KEY POINTS:
My first words after the All Blacks shock loss yesterday: where the hell was the droppie?
Why didn't someone take control and get in there and bang the pig-skin over?
Droppie, drop goal, drop kick, DG, pot, field goal - call it what you like, it is a key tool in the matchwinner's toolbox.
So why didn't someone - anyone - get in the pocket behind those slow grinding pick-and-gos deep in French territory, stand back, advise the halfback of his honourable intentions, call "yup, now", get the ball, set himself, and drop kick the ball? Preferably over the posts. 21-20 to the All Blacks. Run back to halfway, punch the air - a swing of the foot has made you a legend.
But no. I say preferably over the posts, because I would have been happy to see that a drop goal was even attempted; because it wasn't. It wasn't attempted at particularly opportune times of 77 minutes and 26 seconds or 78 minutes and 50 seconds (not that I was counting). Instead, there was a late, disorganised, long-range attempt by Luke McAlister, who probably didn't care because he was a few seconds away from playing for English club Sale anyway.
Droppies are not rocket science. I even nailed one myself in a game for my Poneke club in the late 1990s - and I was playing in the forwards.
Every other New Zealand rugby fan who has nailed a droppie should be feeling the same way - if we can do it, why can't the best and most-prepared All Black team ever? Kids dream of it, why can't the best rugby players we have do it.
I was so riled I nearly rang radio talkback. Thankfully I managed to compose myself. I know being an armchair critic is not a good look. But I was genuinely disappointed by the result and the whole lack-of-a-droppie-thing had sent me into a tailspin.
I had steeled myself to be blasé about another All Black early exit. I probably could have dealt with the whole choking thing. I could have handled the spectacular - and predicted - failure of the rest and rotation policy. Shocking refereeing decisions - they happen. The silver jumpers were a sideshow.

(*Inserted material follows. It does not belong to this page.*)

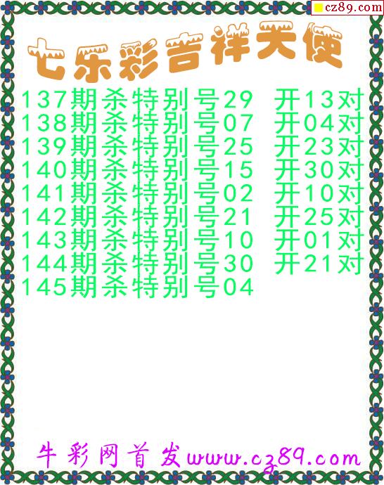 七乐彩2025145期流光岁月杀码图谜

The fact we had 72 per cent of the possession and France 28 per cent hurt, but I still could have recovered.
But no droppie? Foxy and Mehrts were so quiet in the commentary box and the pocket so empty I thought one or both may have run out there.

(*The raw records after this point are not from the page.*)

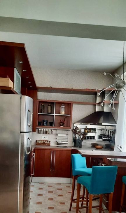 Кухня площадью 9 м² оборудована необходимой техникой, включая холодильник, электрическую варочную поверхность и духовой шкаф, посудомоечную машину, микроволновую печь. В гостиной установлен диван и телевизор. В спальне большая кровать и вместительные шкафы.
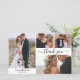 Casamento de Script de Colagem de Foto Moderno 4 Elegante e Minimalista Obrigado barato cartão fino de baixo orçamento. modelo de obrigado de na moda com quatro fotos na frente e uma foto na parte de trás. Com o texto "Obrigado" em uma fonte de tipografia ou de escrita caligráfica, escrita à mão, com inchaço ou a preto sobre fundo branco. ***POR FAVOR, NOTE! *** O PAPEL ORÇAMENTAL/FLYER É MAIS FINO DO PAPEL. *** ATUALIZE O PAPEL PARA UM PAPEL MAIS ESPESADO. *** Um pouco de coração amoroso entre os nomes. Adicione o seu nome e obrigado à sua mensagem. Se preferir escrever manualmente a sua nota, basta eliminar o texto de amostra para obter mais espaço. Se precisar de ajuda ou item correspondente, entre em contato com o designer! Escolha excelente para casamento com baixo orçamento.
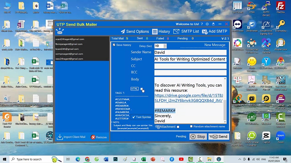 UTPSendBulkMailerPro is a tool that helps you automatically send bulk emails with anti-spam and security mechanisms...
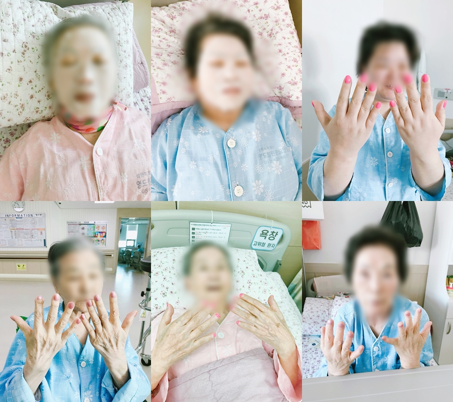 미용프로그램 - 손·얼굴 마사지 본문 2018년 3월 23일 (금) 오늘은 미용프로그램으로 손·얼굴 마사지를 하였습니다. 매니큐어 향이 싫어서 참여를 거부했던 분들도 자신의 손을 내어주며 참여를 했고, 서로의 색을 권유하는 등의 모습을 보이며 즐겁게 마무리 되었습니다~ 이전글 목록 다음글

Do the All Blacks even know what one is? If they don't they need to get onto YouTube and type in "Martin Johnson+Wilko+2003 Rugby World Cup" to see how to set one up. They could have watched it on their laptops while sunning themselves in Corsica or Marseilles.
In fact, it is hard to believe they didn't work through a player-by-player drop kick scenario during all the time they had off the Super 14 or the NPC or mowing their own lawns so they were "fresh" for knock-out rugby.
Yes, Carter was off and Evans too. But McAlister could have nailed it and MacDonald too. Where was the much vaunted "leadership group" set up to prevent these meltdowns?
Did they forgot to appoint someone to the portfolio of "remind-everyone-of-the-droppie-option-in-a-tight-game" in the rush to choose what music is on the team bus?
They were either too arrogant that they thought they could win by a try or they didn't think of it. Either way, a shocker.
If only Graham Henry had an emergency red button with a lid on it he could have pulled open and hit drop goal.
For me, the lack-of-a-droppie is the fissure where I can vent my Webb Ellis frustration. Like "Suzy" in 1995, the French-fried forward pack in 1999 or MacDonald at centre in 2003.
So where the hell was the droppie? For me, anyway, an open-ended question and personal obsession that will get me through another four years. And, hopefully, if there's a close one, someone will bang the pigskin over.